The problem :: Your answer must be the exact lines of the listing below that run from the line with "In 2018, we" to the line with "2007, Ho 2015).", ends included, and no pictures.
BEGIN
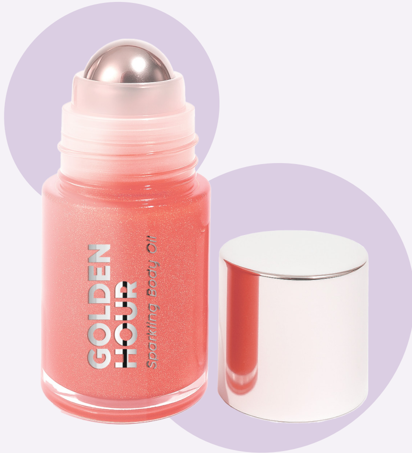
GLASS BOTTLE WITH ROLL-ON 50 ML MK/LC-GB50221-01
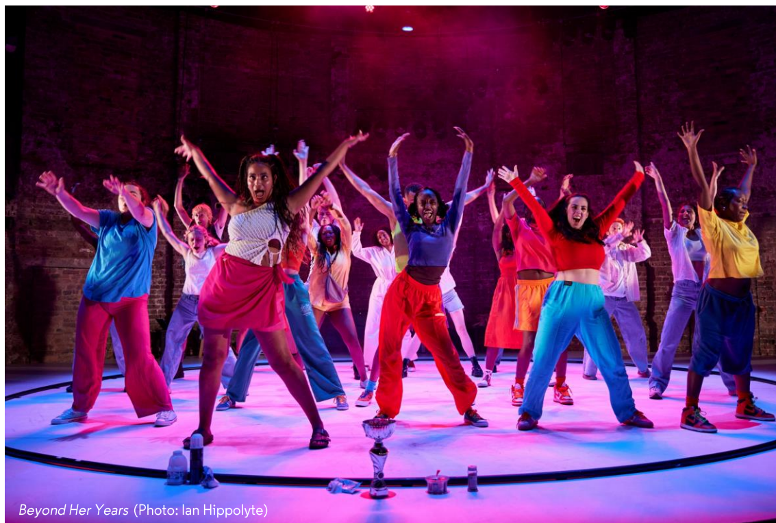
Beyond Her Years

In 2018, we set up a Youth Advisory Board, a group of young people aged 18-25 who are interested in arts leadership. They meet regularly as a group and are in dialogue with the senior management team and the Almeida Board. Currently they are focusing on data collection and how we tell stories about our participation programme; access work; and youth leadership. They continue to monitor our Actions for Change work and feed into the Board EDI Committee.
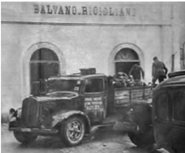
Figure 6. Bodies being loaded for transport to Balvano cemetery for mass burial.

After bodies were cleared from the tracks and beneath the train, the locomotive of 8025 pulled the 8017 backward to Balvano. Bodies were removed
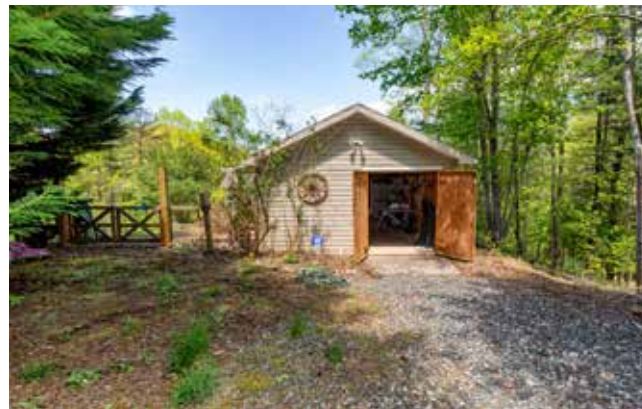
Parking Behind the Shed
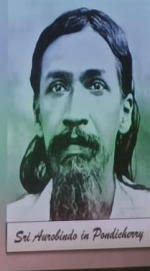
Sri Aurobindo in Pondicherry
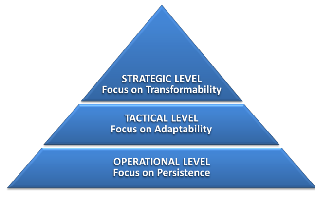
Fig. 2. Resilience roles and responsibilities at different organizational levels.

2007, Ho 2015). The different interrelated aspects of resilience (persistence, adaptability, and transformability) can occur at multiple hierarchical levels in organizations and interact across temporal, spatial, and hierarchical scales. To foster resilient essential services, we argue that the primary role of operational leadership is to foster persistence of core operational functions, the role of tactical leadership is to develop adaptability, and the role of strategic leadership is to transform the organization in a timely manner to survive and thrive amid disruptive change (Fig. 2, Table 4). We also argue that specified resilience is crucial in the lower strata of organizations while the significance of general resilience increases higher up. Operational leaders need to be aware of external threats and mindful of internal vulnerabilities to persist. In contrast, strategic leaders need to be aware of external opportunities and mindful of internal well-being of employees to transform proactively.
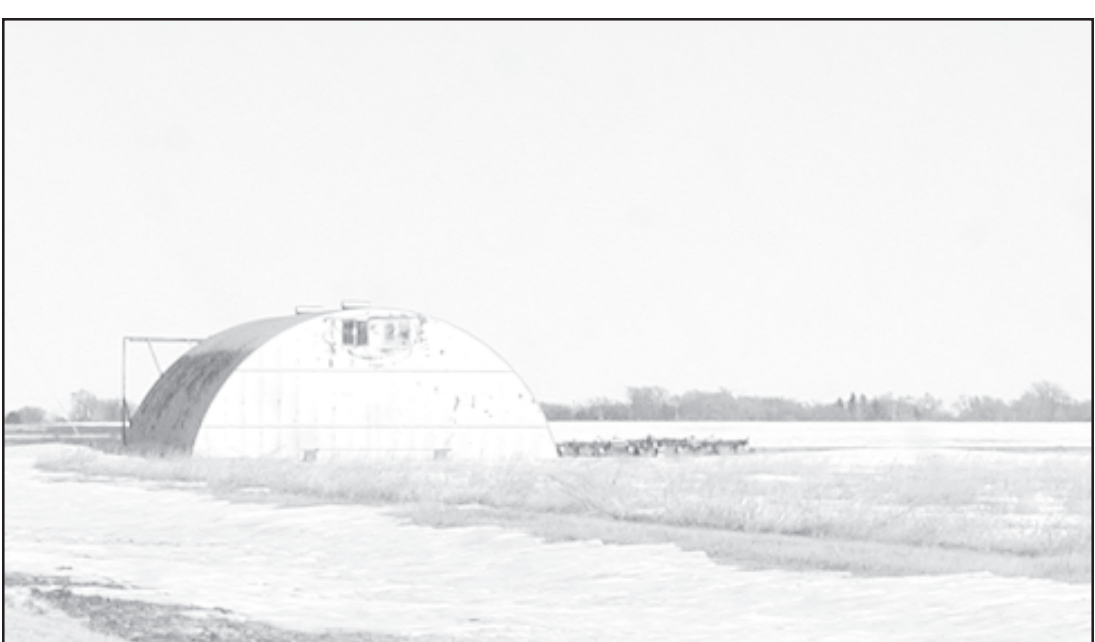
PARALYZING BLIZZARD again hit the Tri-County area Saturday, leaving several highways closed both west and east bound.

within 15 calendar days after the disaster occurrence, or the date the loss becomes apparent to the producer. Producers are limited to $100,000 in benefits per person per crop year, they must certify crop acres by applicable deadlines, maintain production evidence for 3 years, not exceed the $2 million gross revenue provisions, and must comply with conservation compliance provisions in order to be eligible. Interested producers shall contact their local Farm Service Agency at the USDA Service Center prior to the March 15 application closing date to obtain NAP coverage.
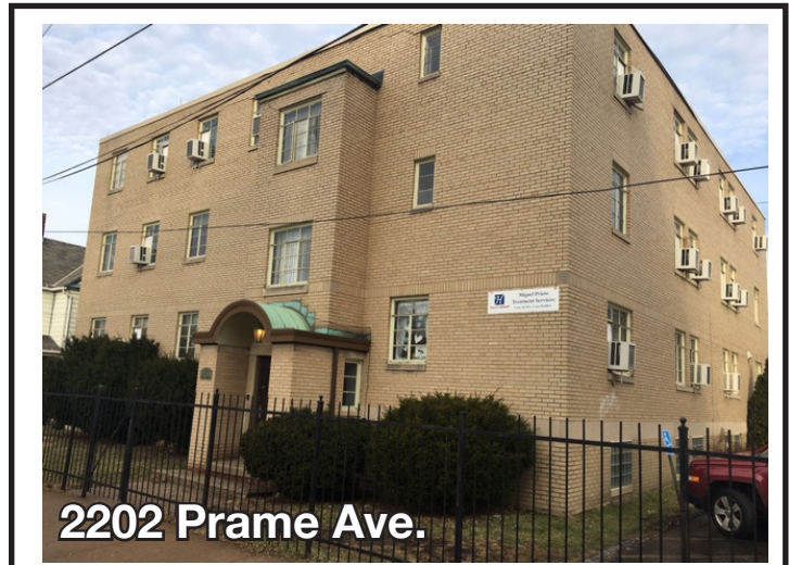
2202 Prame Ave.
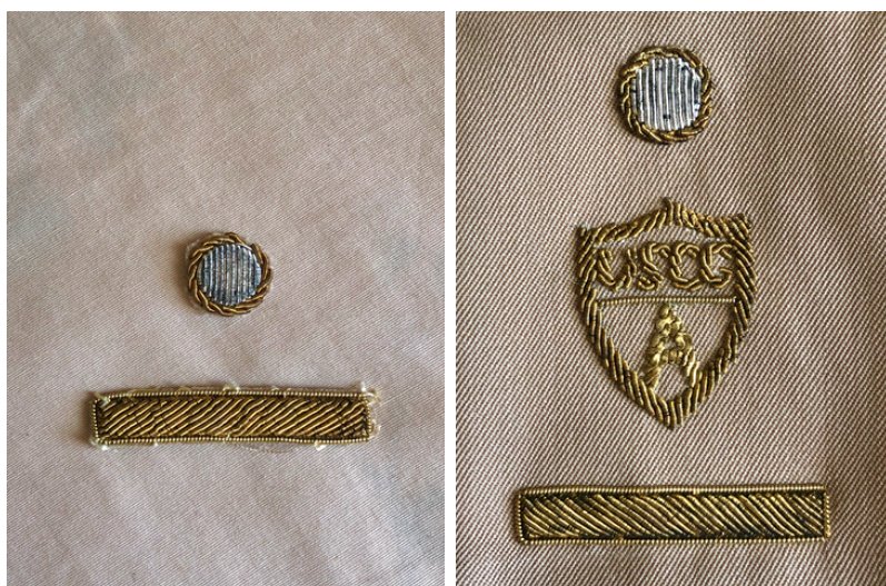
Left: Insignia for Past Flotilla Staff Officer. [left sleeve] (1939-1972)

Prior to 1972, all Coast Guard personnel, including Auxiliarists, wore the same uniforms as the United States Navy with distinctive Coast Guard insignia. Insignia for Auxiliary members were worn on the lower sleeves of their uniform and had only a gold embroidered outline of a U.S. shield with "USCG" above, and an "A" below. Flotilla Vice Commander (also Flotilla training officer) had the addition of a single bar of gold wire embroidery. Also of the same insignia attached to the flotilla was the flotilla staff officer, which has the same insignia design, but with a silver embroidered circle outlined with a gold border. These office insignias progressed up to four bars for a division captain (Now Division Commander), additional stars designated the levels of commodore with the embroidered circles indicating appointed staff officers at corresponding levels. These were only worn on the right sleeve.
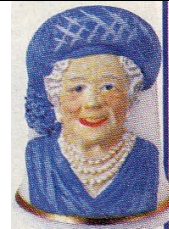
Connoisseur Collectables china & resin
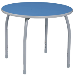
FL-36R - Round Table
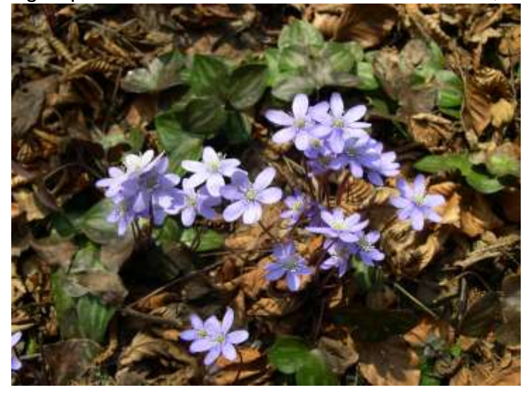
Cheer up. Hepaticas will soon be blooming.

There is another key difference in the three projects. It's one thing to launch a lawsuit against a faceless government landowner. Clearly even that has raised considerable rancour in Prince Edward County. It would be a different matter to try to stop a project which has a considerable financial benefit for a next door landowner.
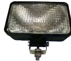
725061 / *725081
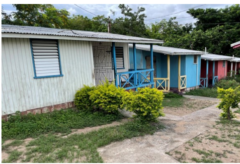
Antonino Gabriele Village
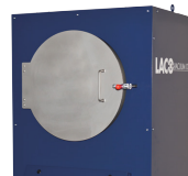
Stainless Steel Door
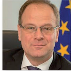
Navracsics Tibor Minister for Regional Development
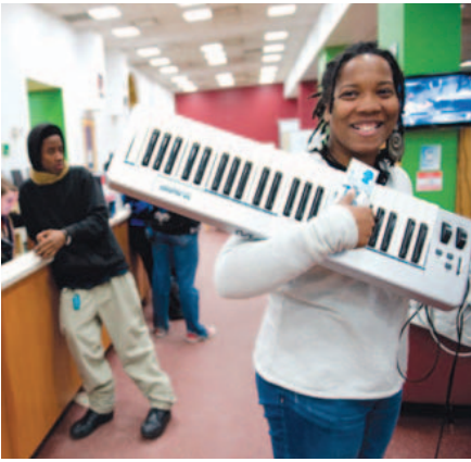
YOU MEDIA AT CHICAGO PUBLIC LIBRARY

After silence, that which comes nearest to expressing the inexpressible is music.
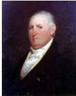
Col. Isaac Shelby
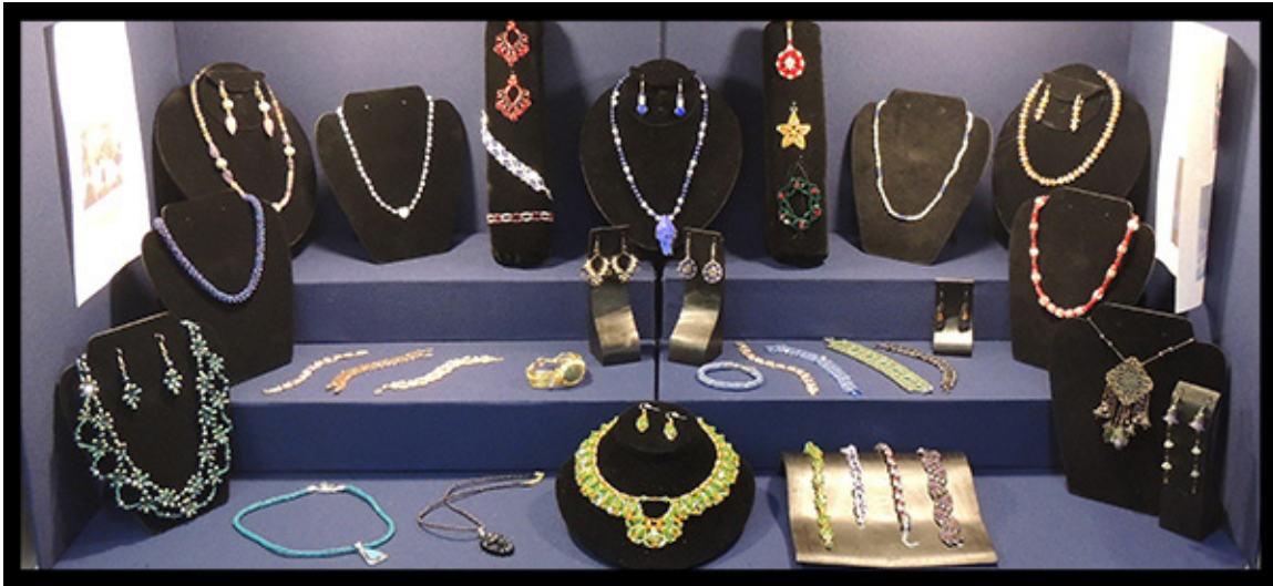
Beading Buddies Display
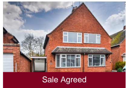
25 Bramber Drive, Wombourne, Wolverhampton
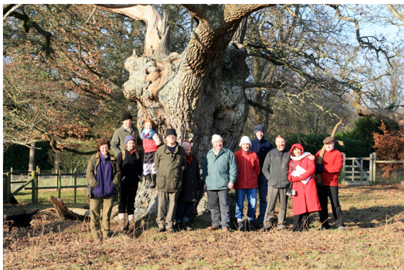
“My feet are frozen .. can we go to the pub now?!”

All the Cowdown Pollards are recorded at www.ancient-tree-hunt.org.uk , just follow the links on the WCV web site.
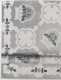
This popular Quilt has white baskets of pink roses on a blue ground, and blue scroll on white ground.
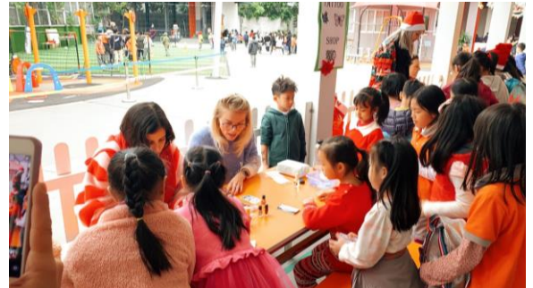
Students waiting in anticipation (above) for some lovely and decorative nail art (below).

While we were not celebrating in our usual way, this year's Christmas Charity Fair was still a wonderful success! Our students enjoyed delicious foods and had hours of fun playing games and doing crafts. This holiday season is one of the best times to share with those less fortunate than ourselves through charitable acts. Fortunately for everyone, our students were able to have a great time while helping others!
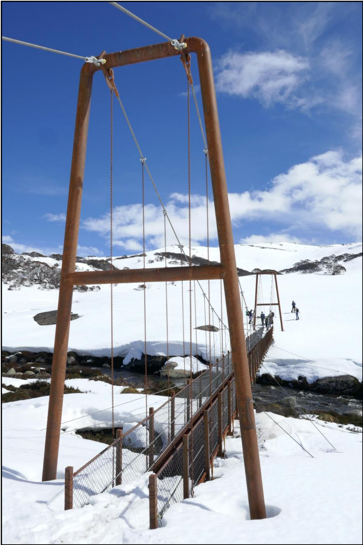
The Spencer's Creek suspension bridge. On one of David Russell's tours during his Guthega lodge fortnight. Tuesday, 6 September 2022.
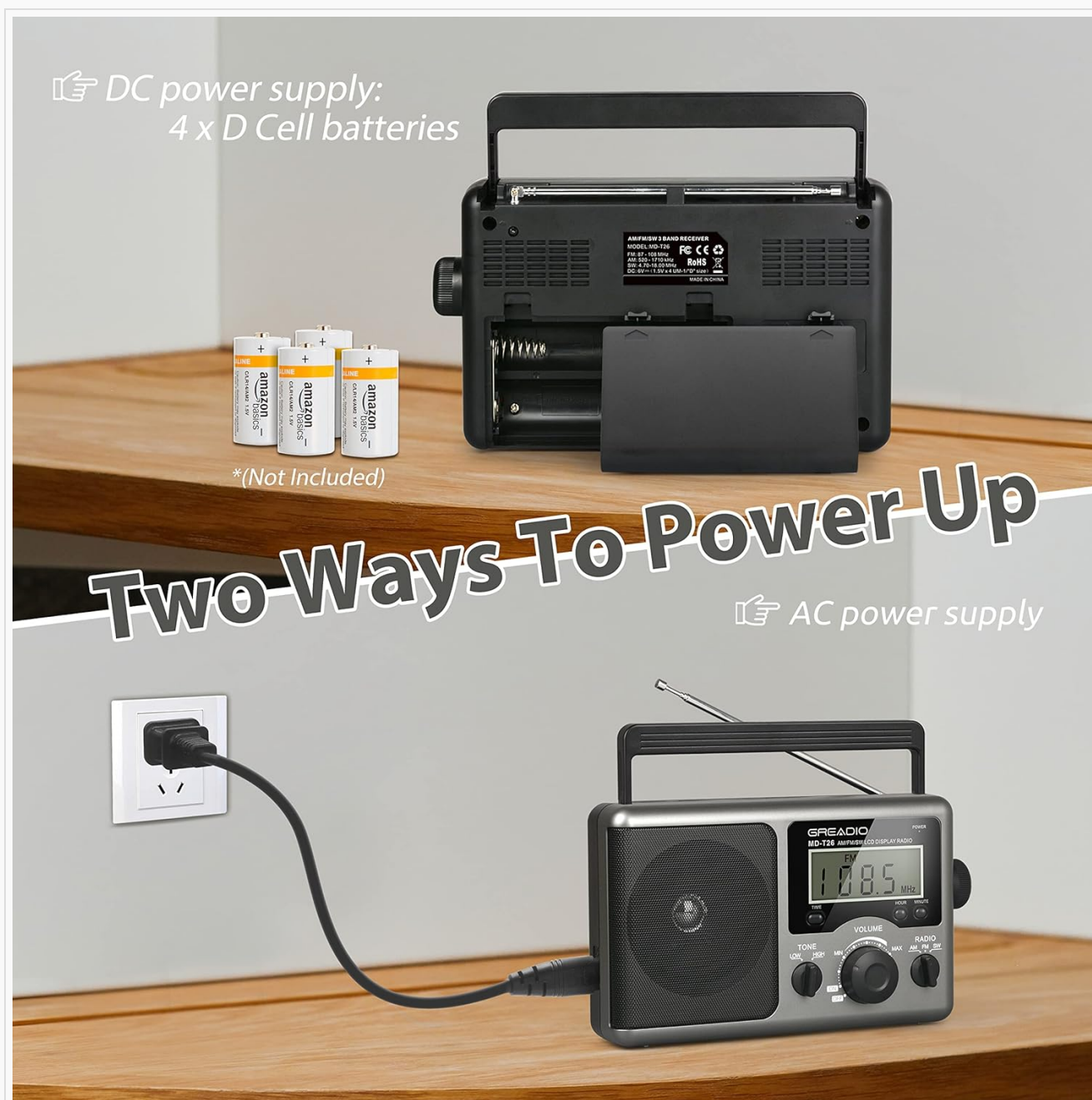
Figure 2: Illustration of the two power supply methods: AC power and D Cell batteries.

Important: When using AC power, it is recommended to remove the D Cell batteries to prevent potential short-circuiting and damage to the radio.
END
Response area ::
In 2018, we set up a Youth Advisory Board, a group of young people aged 18-25 who are interested in arts leadership. They meet regularly as a group and are in dialogue with the senior management team and the Almeida Board. Currently they are focusing on data collection and how we tell stories about our participation programme; access work; and youth leadership. They continue to monitor our Actions for Change work and feed into the Board EDI Committee.
Figure 6. Bodies being loaded for transport to Balvano cemetery for mass burial.

After bodies were cleared from the tracks and beneath the train, the locomotive of 8025 pulled the 8017 backward to Balvano. Bodies were removed
Parking Behind the Shed
Sri Aurobindo in Pondicherry
Fig. 2. Resilience roles and responsibilities at different organizational levels.

2007, Ho 2015). The different interrelated aspects of resilience (persistence, adaptability, and transformability) can occur at multiple hierarchical levels in organizations and interact across temporal, spatial, and hierarchical scales. To foster resilient essential services, we argue that the primary role of operational leadership is to foster persistence of core operational functions, the role of tactical leadership is to develop adaptability, and the role of strategic leadership is to transform the organization in a timely manner to survive and thrive amid disruptive change (Fig. 2, Table 4). We also argue that specified resilience is crucial in the lower strata of organizations while the significance of general resilience increases higher up. Operational leaders need to be aware of external threats and mindful of internal vulnerabilities to persist. In contrast, strategic leaders need to be aware of external opportunities and mindful of internal well-being of employees to transform proactively.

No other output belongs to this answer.